したがって、法人税法は、およそ公益法人等であれば、どのような活動によって得た収益であろうと課税しないとする立場に立脚するものではなく、これらの法人等も納税義務者とした上で、本来の非営利活動については課税対象から外すこととするが、一般事業者が利益の獲得を目的として行っている事業と同じ類型の(収益)事業から生じた収益に対しては、低率ではあるものの、課税対象としていると解される。

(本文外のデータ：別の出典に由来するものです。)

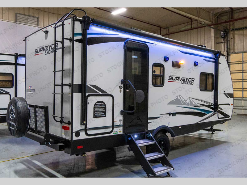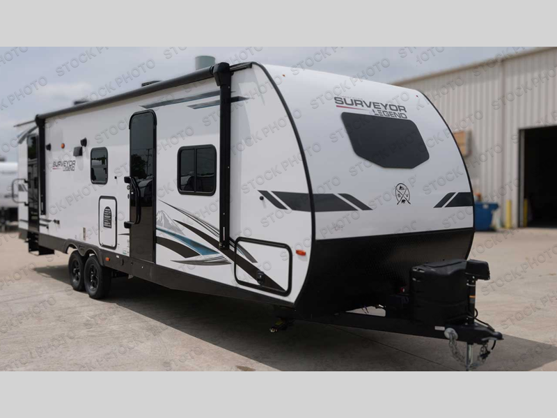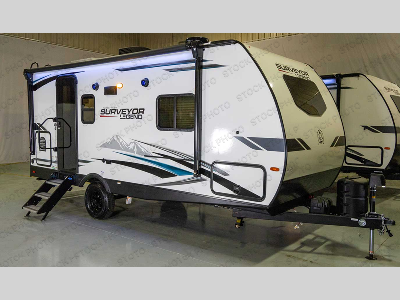With any Surveyor Legend travel trailer by Forest River you will enjoy quality craftsmanship, convenient amenities, and at-home comforts. The Azdel composite panels provide a longer-lasting trailer, and the power tongue jack will get you back on the road in no-time. Each model includes the Surveyor Legend Package that comes standard with pleated night shades, an automotive style tinted front windshield, a multi-zone Bluetooth stereo, and more. You'll enjoy the one-touch electric awning with LED lights outdoors, plus rooftop solar prep and rear camera prep to make parking easier than ever. The inside will have you feeling right at home with Surf(x) seamless countertops, Congoleum designer carefree linoleum, residential faucets in the bath and kitchen, plus many more essentials you won't want to camp without.

そうすると、法人税法2条13号等に規定する収益事業を解釈するに当たり、当該団体やその活動が高い公益性、公共性を有していることを理由に、制限的に解釈しなければならないものでないことも明らかである。
(2)収益事業に当たるか否かは、当事者が当該行為に宗教的意義を見いだし、あるいはその外形を取ることによって判断されるべきものではない。当該事業の展開の手法、収受される財貨の額が定まるに至る経緯、その額と給付行為の内容との対応関係、例外の許容性などの具体的諸事情を総合的に考慮し、一般事業者が行う類似事業と比較しつつ、社会通念に従って、果たしてその財貨移転が任意になされる性質のものか、それとも一定の給付行為の内容に応じた債務の履行としてなされるものかを判断して決められるべきものである。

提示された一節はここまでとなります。